#### Assignment
The copy should hold exactly the lines below from the one that contains "Un convoy de" through the one that contains "En la instantánea" and nothing else, so no pictures.

#### Material for the task
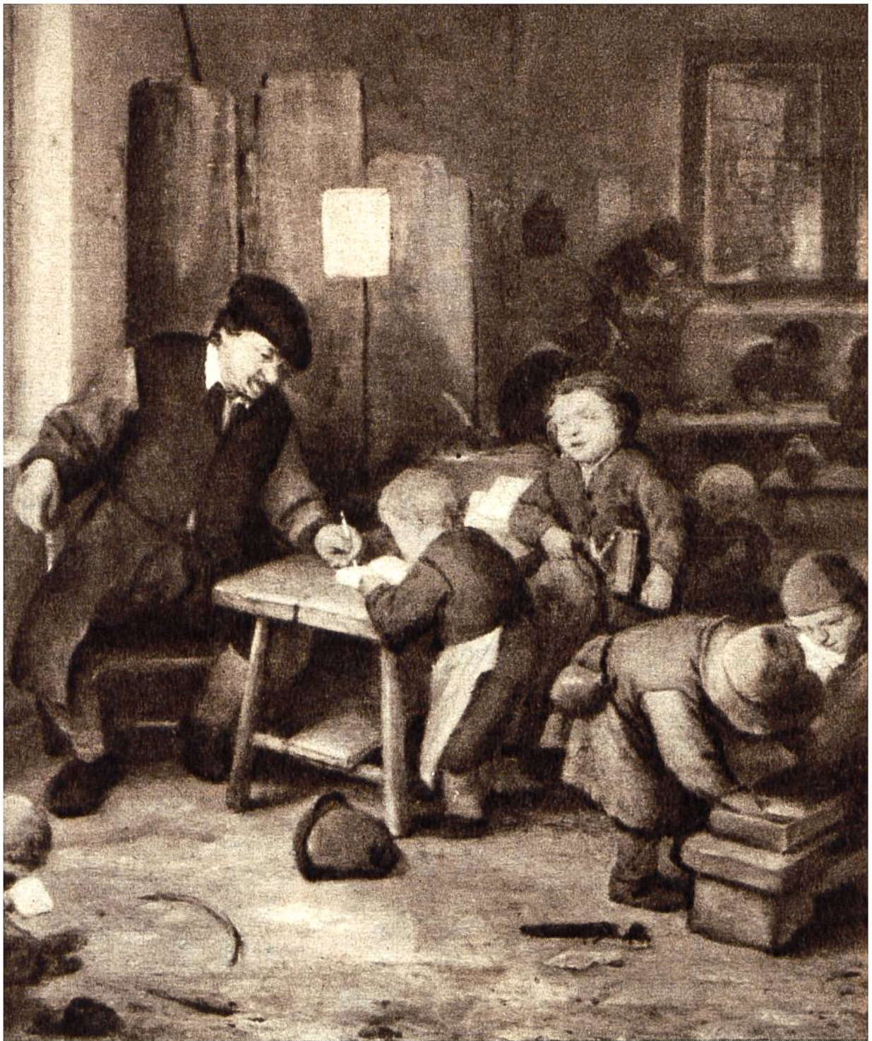
In der Landschule, von Adriaen von Ostade, Haarlem, 1610 - 1685.
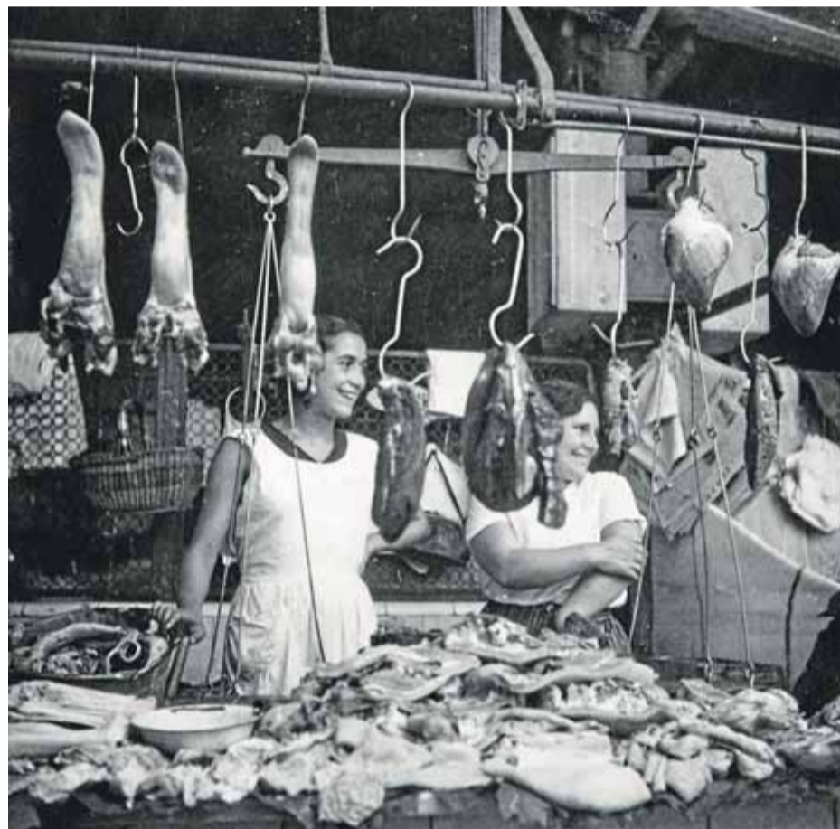
La mirada de la fotògrafa parisenca del mercat de la Boqueria ■ DORA MAAR

Picasso (encara casat amb Olga Koklova, mare
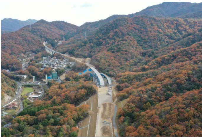
① 上大山地区から東広島方面を望む
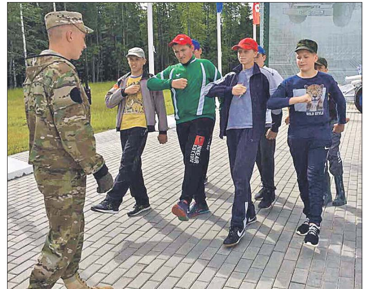
Строевая подготовка — это, конечно, скучно, но без неё нет армии
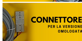
CONNETTORE PER LA VERSIONE OMOLOGATA
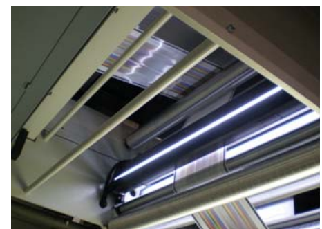
Le système EasyMax MC 2 au centre technologique DFTA
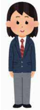
20代 トランスジェンダー FTM

性別違和を感じたのは物心ついたときから。 そこから自分が心の性は男性であることに気付くまで時間がかかった。 20歳の時に、同じ大学の子(FTM)がきっかけでようやく本当の自分に気付いた。それまでは、なんとなく周りに気を遣いながら、自分の性別違和のことを隠していた。 本当の自分に気付くには、情報ときっかけがないと難しい。 「性同一性障がい」という言葉は知っていても、なかなか自分のことだと認められない。世間体や人目を気にしてしまうから。 でも、今は不思議なことに、友達や職場、そして身内にまで、自分の身の回りの人にFTMのことをかなりオープンに話せるようになってきた。 おかげで今は自分らしい生き方を家でも職場でもできている。
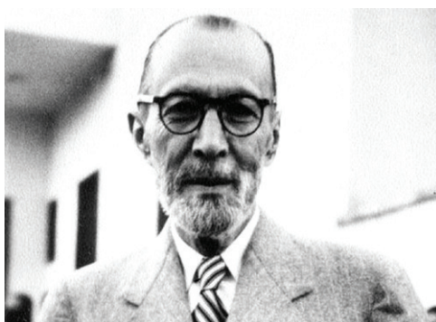
ملک الشعرا ی بهار

متولد سال ۱۲۸۶ ش در مزینان، الهی‌دان، مفسر قرآن و نویسنده برجسته معاصر. استاد شریعتی به صورت بسیار محدود و پراکنده، مقالاتی را در روزنامه خراسان، تا قبل از کودتای ۲۸ مرداد ۱۳۳۲ منتشر کرد؛ نوشته‌هایی که عموماً فاقد نام بودند. شریعتی به عنوان یکی از شخصیت‌های برجسته دینی و سیاسی مشهد، بعد از پیروزی انقلاب نیز، مطالبی را در روزنامه خراسان منتشر می‌کرد. این مطالب، عموماً در قالب نقدهای سیاسی، مقالات معرفتی و اطلاعاتی‌های فرهنگی و اجتماعی بود. آن مرحوم که به «سقراط خراسان» نیز شهرت داشت در ۳۱ فروردین سال ۱۳۶۶، در ۸۰ سالگی، دارفانی را وداع گفت و در حرم رضوی به خاک سپرده شد.
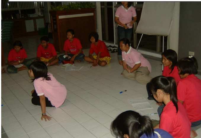
สรุปกิจกรรมช่วงเช้า นำโดยป้าหมู
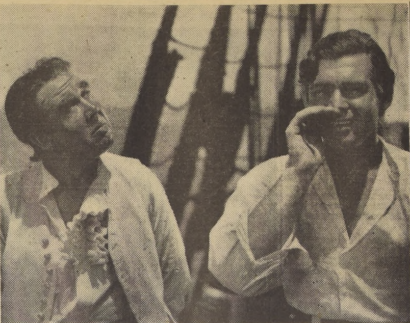
RUGIDOS DE ANTAÑO.— A partir de mañana, la Metro presentará siete películas correspondientes a la época dorada de su León. Junio al "Mago de Oz"...
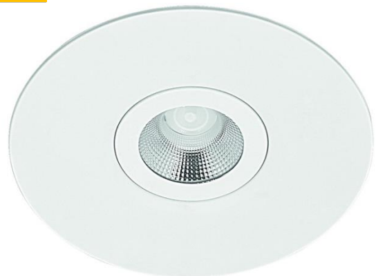
DRLM100 + KIT - ARO DRL N°3 T9016
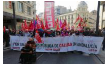
En defensa de la sanidad pública
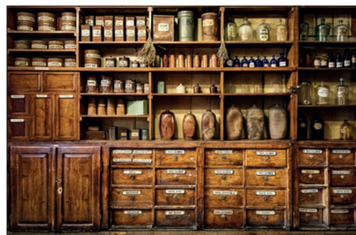
Respect de la tradition
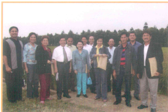
2005年11月10日接待菲律賓眾議員參訪
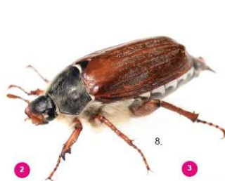
2 Melolontha melolontha Il comune maggiolino, 25-30 mm, non possiede ciuffi bianchi.
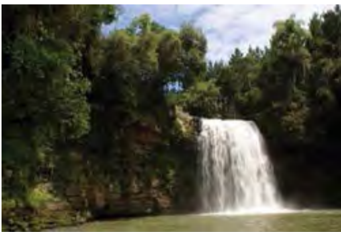
As cachoeiras são um dos grandes atrativos turísticos de Papanduva. Na foto, a cachoeira Werka, na localidade do Rio Bonito
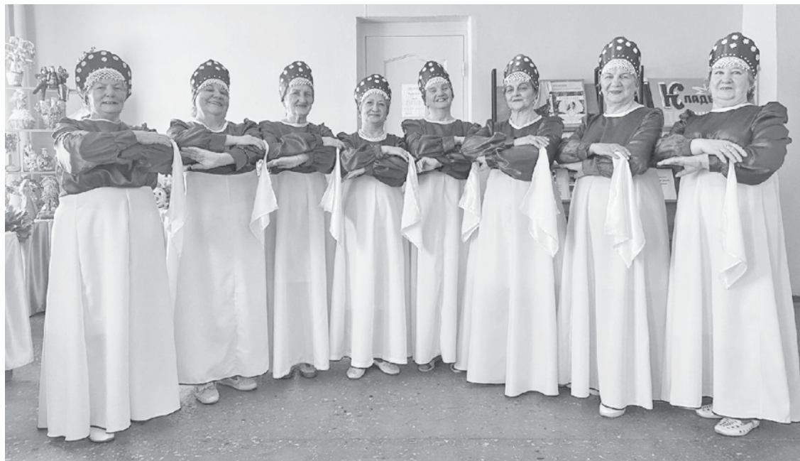
Участницы творческого объединения "Аркадакские бабушки".
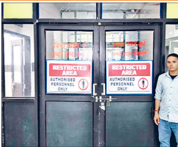
जीद। नागरिक अस्पताल में बना ऑपरेशन थियेटर।
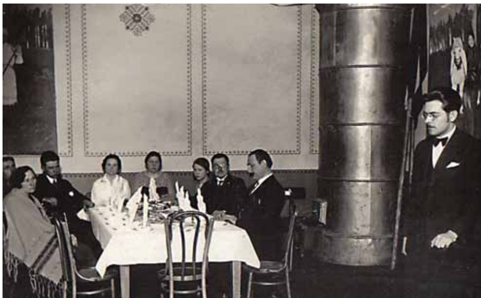
Laikmeta liecības Tautas nama sarīkojumu zālē – bleķa krāsns un sienu gleznojumi nacionālā romantisma stilā. Svētku pasākums, foto ap 1928. gadu.
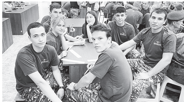
Аксайский район представила команда «Гвардия».
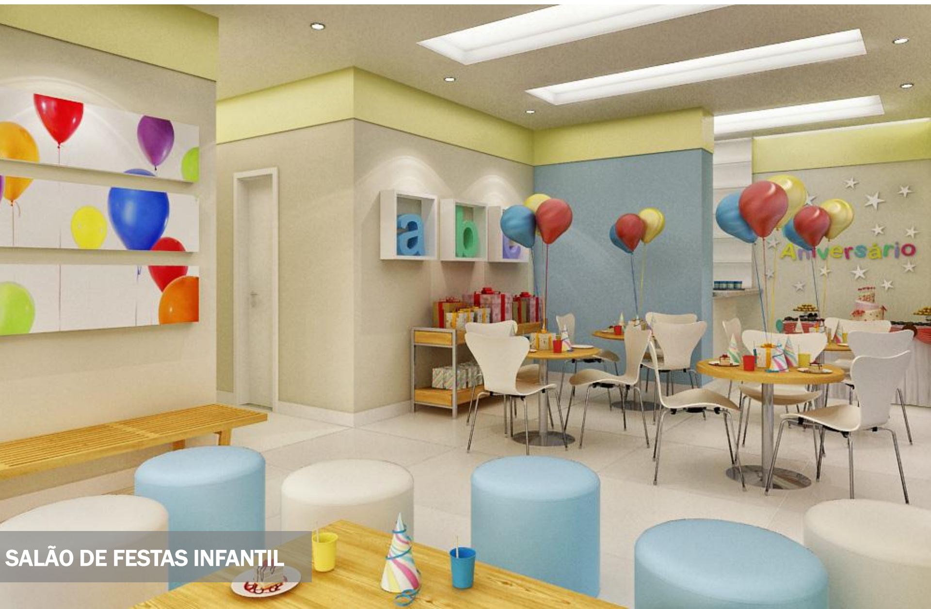
SALÃO DE FESTAS INFANTIL
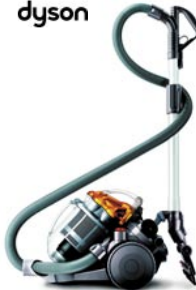
Artikel: K-247 - Dyson Bodenstaubsauger
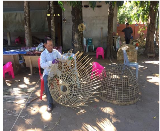
รูป : กิจกรรมสมาชิกกลุ่มจักรสานผู้สูงอายุ หมู่ 1 บ้านสันถนนเหนือ
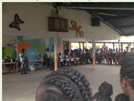
Concours de chants
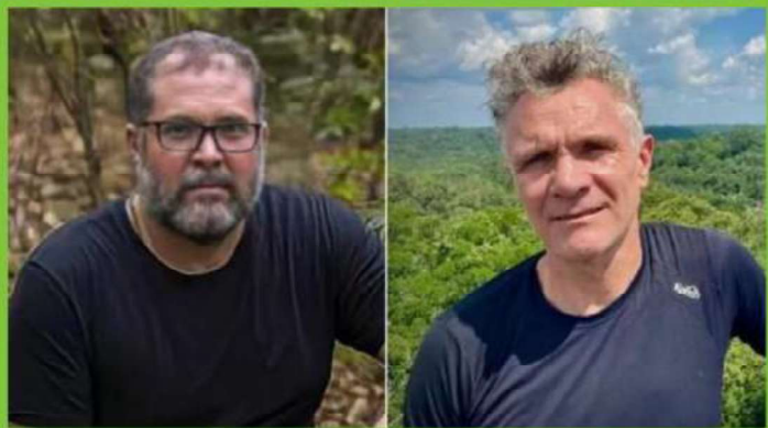
Bruno Araújo Pereira e Dom Phillips
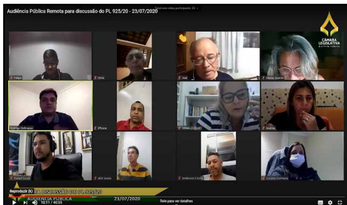
Por causa da pandemia, audiência foi realizada pelo aplicativo Zoom
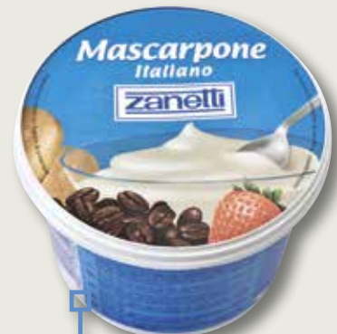
Mascarpone ZANETTI 500 Gr
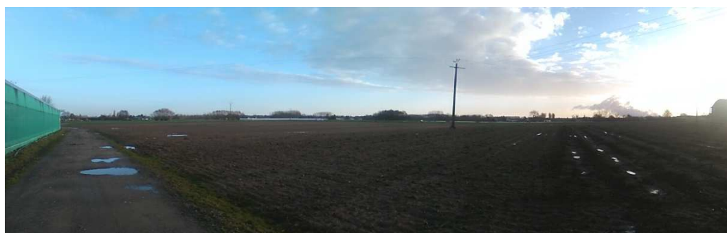
Panorama n°8 : vue du « coin » sud-est du projet vers le nord-ouest
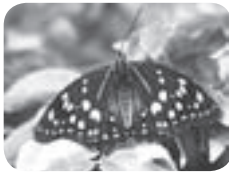
国蝶オオムラサキ

第3回 午後1時30分〜2時30分 申込 不要(直接会場へお越しください) その他 運動靴など歩きやすい靴(ヒール靴不可)、帽子、飲料、雨具(台風などの荒天でなければ実施します)
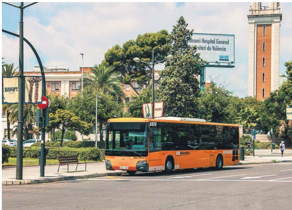
Un convoy de MetroBus, a su paso por la ciudad de València.

20M.ES/VALENCIA Consulta todas las noticias de la actualidad valenciana en nuestra página web
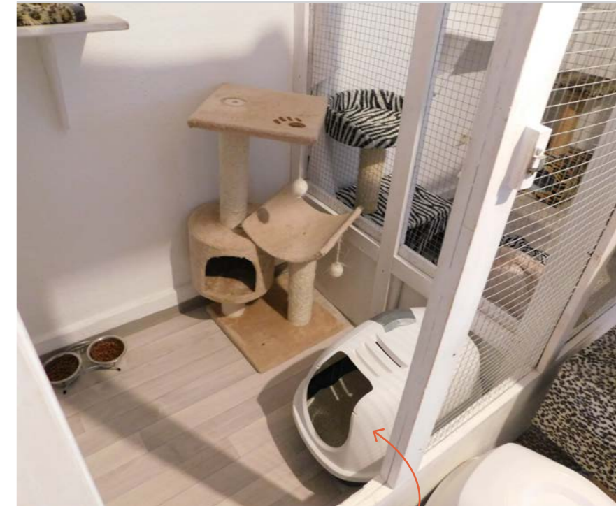
Ein Einzelzimmer, bitte! Auch von den Einzelabteilen aus können die Katzen alles ganz genau beobachten
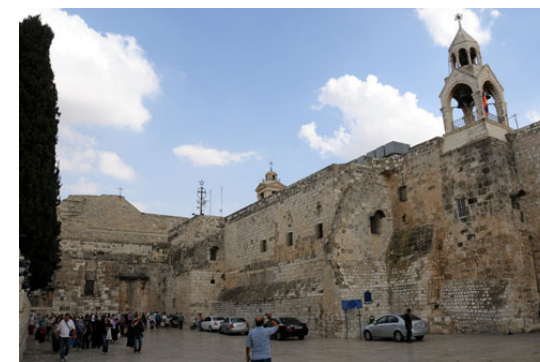
Davanti alla basilica della Natività si apre un'ampia piazza.
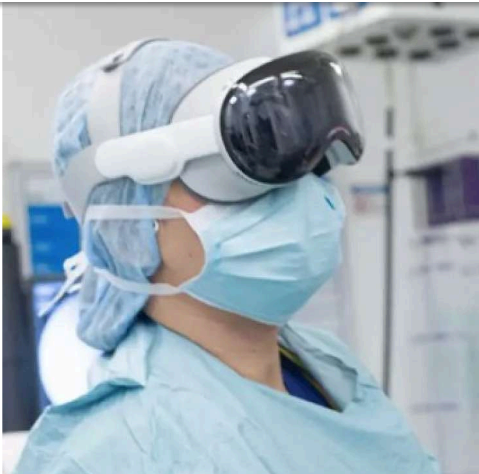
VISORE APPLE UTILIZZATO IN SALA OPERATORIA

Gli interventi, scelti appositamente tra quelli di routine
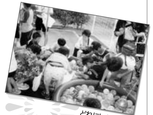
どれにしようかな?

また、毎年ご好評いただいているバザーを始め、模擬店では開始から20分30分で売り切れになる所もあり、たくさんの方で賑わいました。ファイナルには、200発の打ち上げ花火をバックにご来園の方々、職員とが一つとなつて総踊りを行い、皆様最高の笑顔・感動の中閉会しました。
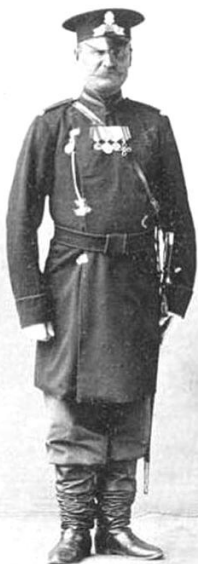
Околоточный надзиратель 1883 год
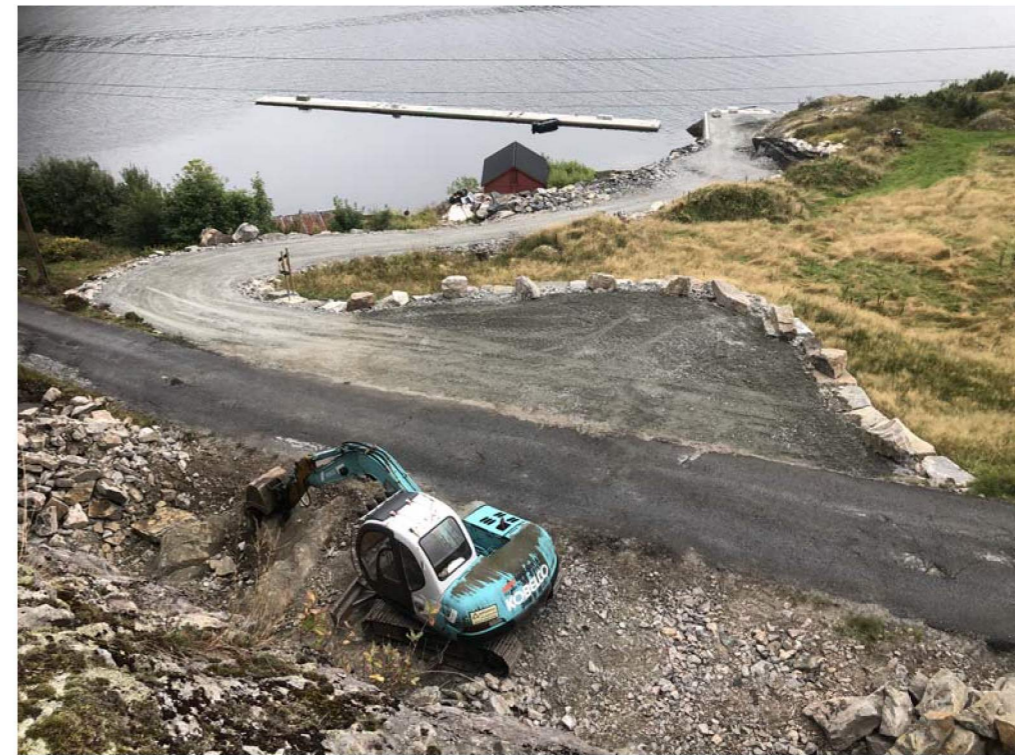
NY AVKØYRSLE MED EIN DEL ATTSTÅANDE ARBEID

DEL AV VEG OG PARKERING DET HER SØKJAST BRUKSLØVE FOR NY FLYTEBRYGGE OPPANKRA
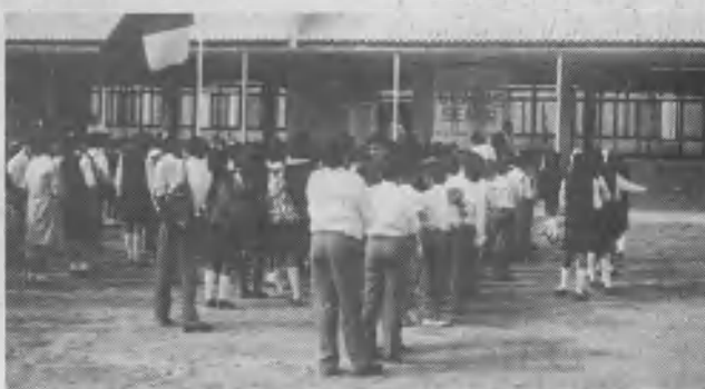
En la instantánea aparecen los alumnos frente a las nuevas instalaciones inauguradas al comienzo del año lectivo.

La feligresía y la organización, además de participar en el regocijo del Pr. Ponce, hará bien en apoyarlo con sus oraciones y estímulo que lo fortalecerán en el desempeño de las nuevas responsabilidades que el Señor le encomendó.

#### Solution for this task
Un convoy de MetroBus, a su paso por la ciudad de València.

20M.ES/VALENCIA Consulta todas las noticias de la actualidad valenciana en nuestra página web
Ein Einzelzimmer, bitte! Auch von den Einzelabteilen aus können die Katzen alles ganz genau beobachten
Davanti alla basilica della Natività si apre un'ampia piazza.
VISORE APPLE UTILIZZATO IN SALA OPERATORIA

Gli interventi, scelti appositamente tra quelli di routine
どれにしようかな?

また、毎年ご好評いただいているバザーを始め、模擬店では開始から20分30分で売り切れになる所もあり、たくさんの方で賑わいました。ファイナルには、200発の打ち上げ花火をバックにご来園の方々、職員とが一つとなつて総踊りを行い、皆様最高の笑顔・感動の中閉会しました。
Околоточный надзиратель 1883 год
NY AVKØYRSLE MED EIN DEL ATTSTÅANDE ARBEID

DEL AV VEG OG PARKERING DET HER SØKJAST BRUKSLØVE FOR NY FLYTEBRYGGE OPPANKRA
En la instantánea aparecen los alumnos frente a las nuevas instalaciones inauguradas al comienzo del año lectivo.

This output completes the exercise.